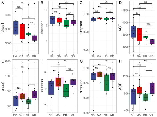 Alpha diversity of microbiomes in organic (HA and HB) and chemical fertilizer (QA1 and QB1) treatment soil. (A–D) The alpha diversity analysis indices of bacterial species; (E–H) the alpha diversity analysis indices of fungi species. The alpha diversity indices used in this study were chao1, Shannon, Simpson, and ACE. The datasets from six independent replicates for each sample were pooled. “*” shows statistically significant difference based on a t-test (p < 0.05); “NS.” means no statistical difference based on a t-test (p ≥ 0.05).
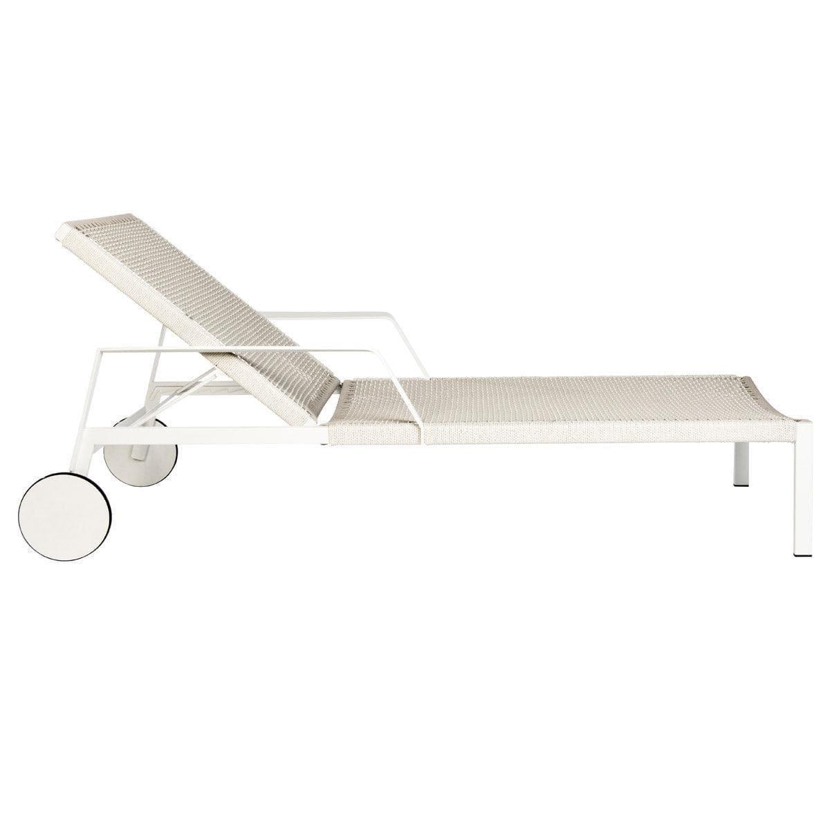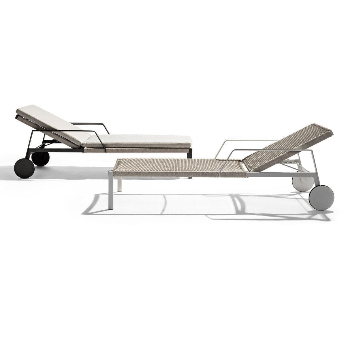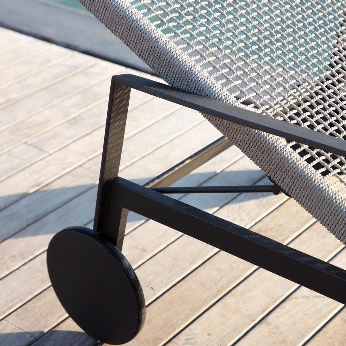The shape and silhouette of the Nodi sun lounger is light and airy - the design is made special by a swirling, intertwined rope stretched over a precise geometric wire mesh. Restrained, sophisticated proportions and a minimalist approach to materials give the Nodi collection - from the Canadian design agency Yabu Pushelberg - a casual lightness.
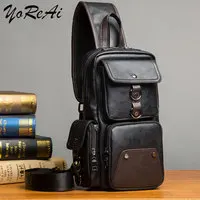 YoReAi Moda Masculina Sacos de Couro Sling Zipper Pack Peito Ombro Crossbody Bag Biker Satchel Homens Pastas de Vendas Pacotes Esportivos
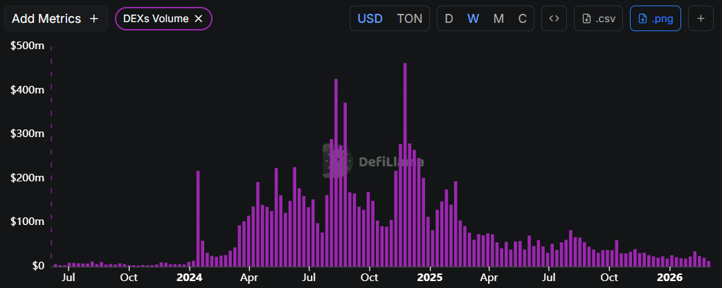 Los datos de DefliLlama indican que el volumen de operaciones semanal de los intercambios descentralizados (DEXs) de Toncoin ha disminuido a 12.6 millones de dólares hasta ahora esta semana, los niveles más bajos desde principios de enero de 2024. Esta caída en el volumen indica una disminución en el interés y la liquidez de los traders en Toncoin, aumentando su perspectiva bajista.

» **Exercise**: Beginning with the line that contains "The shape and", write out the lines of the material above exactly, and end with the line that contains "YoReAi Moda Masculina". Omit the pictures.

» **Task response**:
The shape and silhouette of the Nodi sun lounger is light and airy - the design is made special by a swirling, intertwined rope stretched over a precise geometric wire mesh. Restrained, sophisticated proportions and a minimalist approach to materials give the Nodi collection - from the Canadian design agency Yabu Pushelberg - a casual lightness.
 YoReAi Moda Masculina Sacos de Couro Sling Zipper Pack Peito Ombro Crossbody Bag Biker Satchel Homens Pastas de Vendas Pacotes Esportivos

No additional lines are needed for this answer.